NZ Hops assessing hail impact on crop
New Zealand Hops is hopeful the damage inflicted by a freak hailstorm last week will not leave brewers empty-handed this year.
A Boxing Day hailstorm shredded the leaves off the bine on a number of farms in the Nelson area meaning the hops had no chance to keep growing and produce flowers.
NZ Hops chief executive Craig Orr says his organisation is still working out how the damage will affect the forecast crop yield but remains hopeful that brewers will get the bulk of what they need in 2021.
“It will be another fortnight before we can determine our forecast for total crop yield,” Orr told Brews News.
“While we’re yet to get a full picture on what production will look like it seems as if where we had surplus last year, this year there will be no surplus.”
The hardest hit varieties were Riwaka and Nelson Sauvin, which Orr said had been “heavily hammered”.
#hail #motueka pic.twitter.com/0cgeP8NOm1
— Ben Hodges (@SkyWarble) December 26, 2020
NZ Hops is a co-operative of 28 growers and a total of five growers, and six farms, were hit by the hailstorm, which produced hailstones the size of large grapes.

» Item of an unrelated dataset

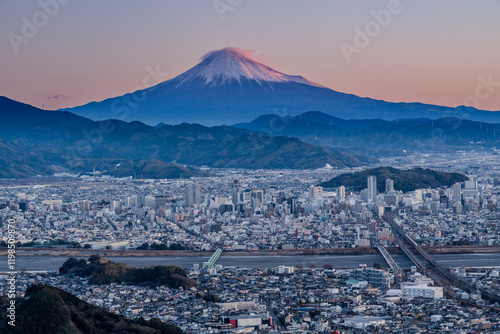静岡市朝鮮岩から朝焼けに染まる静岡市の街並みと富士山

“The fact that it was contained in that one area around Moutere has helped. Had it occurred in Tapawera it would have been a different story.”
One of the reasons NZ Hops can’t fully assess the total loss yet is because they don’t know how some of the damaged bines might recover from the pruning handed out by nature.
“It’s definitely a war zone in some parts and the worst damaged plants will taken out and burnt but one of the keys for us is to see how the laterals on remaining varieties will respond under new growth conditions – if we get good weather like we’re having this week and there’s no other adverse events they might come back.”
Brent McGlashen of Mac Hops said his family farm was one of the hardest hit by the storm.
“It’s the worst hailstorm this area has ever seen,” he told Stuff.co.nz. “The hail’s topped them. It’s short back and sides.”
“It’s a real shame because New Zealand hops and this community of growers is getting real traction in the international industry. We need as many hops as possible going into the international market.
“We’re just happy it wasn’t the whole area that got hit, if it was all out in Tapawera as well that would be very bad for the New Zealand brand.”